EXERCISE MATERIAL

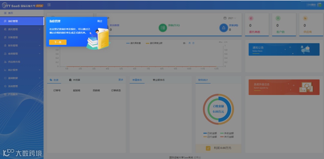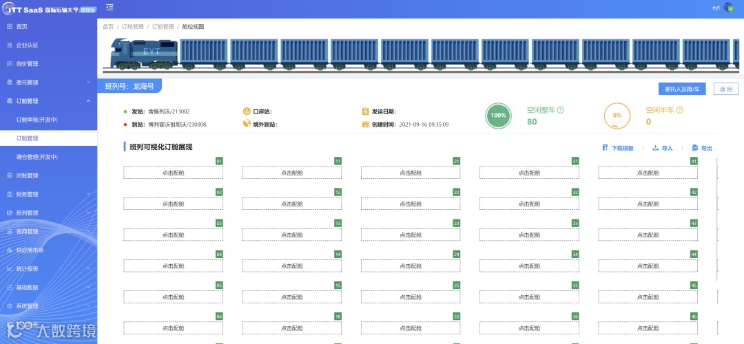 跨境货代云管理平台是一套面向跨境货代企业、中欧班列运营公司提供跨境汽运、铁路、海运、航空及多式联运标准化业务管理,打通产业上下游链条实现业务协同的跨境货代SaaS云管理平台,致力于构建 “一键下单、一单到底、一网跟踪”跨境物流云管理平台。
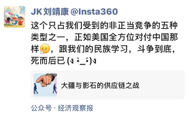 最近大疆和影石的供应链之争,也让两家的战况升级。由于全景无人机影翎上市后反响不及预期,刘靖康写内部信鼓舞士气,还提到影石影翎多家供应商遭遇“排他”压力。
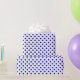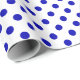 Um papel de embrulho construído com um padrão de bolinhas azul real com uma distância média entre os pontos sobre um fundo branco. Personalize o fundo branco entre outras opções.
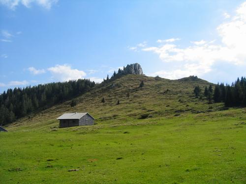 | Kräftiges Grün auf der Vormaueralm. Darüber der kurze Felsaufbau des Vormauerstein |
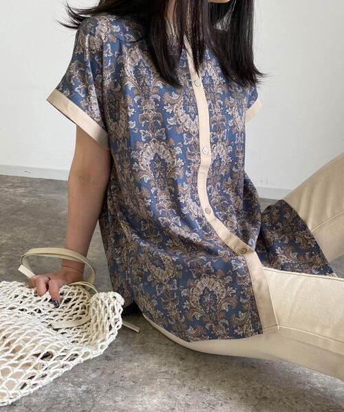 WEB限定 なめらかな生地と落ち感のあるシルエットで大人ラフに着られるシャツ。全体にあしらったシックなカラーのダマスク柄がノスタルジックな雰囲気です。ノーカラーとフレンチスリーブがすっきり見えを叶えてくれるのも◎。前後差をつけた裾はヒップを覆う長め丈でスタイルカバーも狙えます。キレイめパンツを合わせた上品な着こなしもおすすめ。・裾前後差あり【以下オフホワイト参考。カラーにより多少の誤差あり】・透け感:やや透ける・伸縮性:なし・生地の厚さ:薄い・裏地:なし

YOUR TASK
The complete material, set down exactly and stripped of pictures, is the expected response.

ANSWER AREA
 跨境货代云管理平台是一套面向跨境货代企业、中欧班列运营公司提供跨境汽运、铁路、海运、航空及多式联运标准化业务管理,打通产业上下游链条实现业务协同的跨境货代SaaS云管理平台,致力于构建 “一键下单、一单到底、一网跟踪”跨境物流云管理平台。
 最近大疆和影石的供应链之争,也让两家的战况升级。由于全景无人机影翎上市后反响不及预期,刘靖康写内部信鼓舞士气,还提到影石影翎多家供应商遭遇“排他”压力。
 Um papel de embrulho construído com um padrão de bolinhas azul real com uma distância média entre os pontos sobre um fundo branco. Personalize o fundo branco entre outras opções.
 | Kräftiges Grün auf der Vormaueralm. Darüber der kurze Felsaufbau des Vormauerstein |
 WEB限定 なめらかな生地と落ち感のあるシルエットで大人ラフに着られるシャツ。全体にあしらったシックなカラーのダマスク柄がノスタルジックな雰囲気です。ノーカラーとフレンチスリーブがすっきり見えを叶えてくれるのも◎。前後差をつけた裾はヒップを覆う長め丈でスタイルカバーも狙えます。キレイめパンツを合わせた上品な着こなしもおすすめ。・裾前後差あり【以下オフホワイト参考。カラーにより多少の誤差あり】・透け感:やや透ける・伸縮性:なし・生地の厚さ:薄い・裏地:なし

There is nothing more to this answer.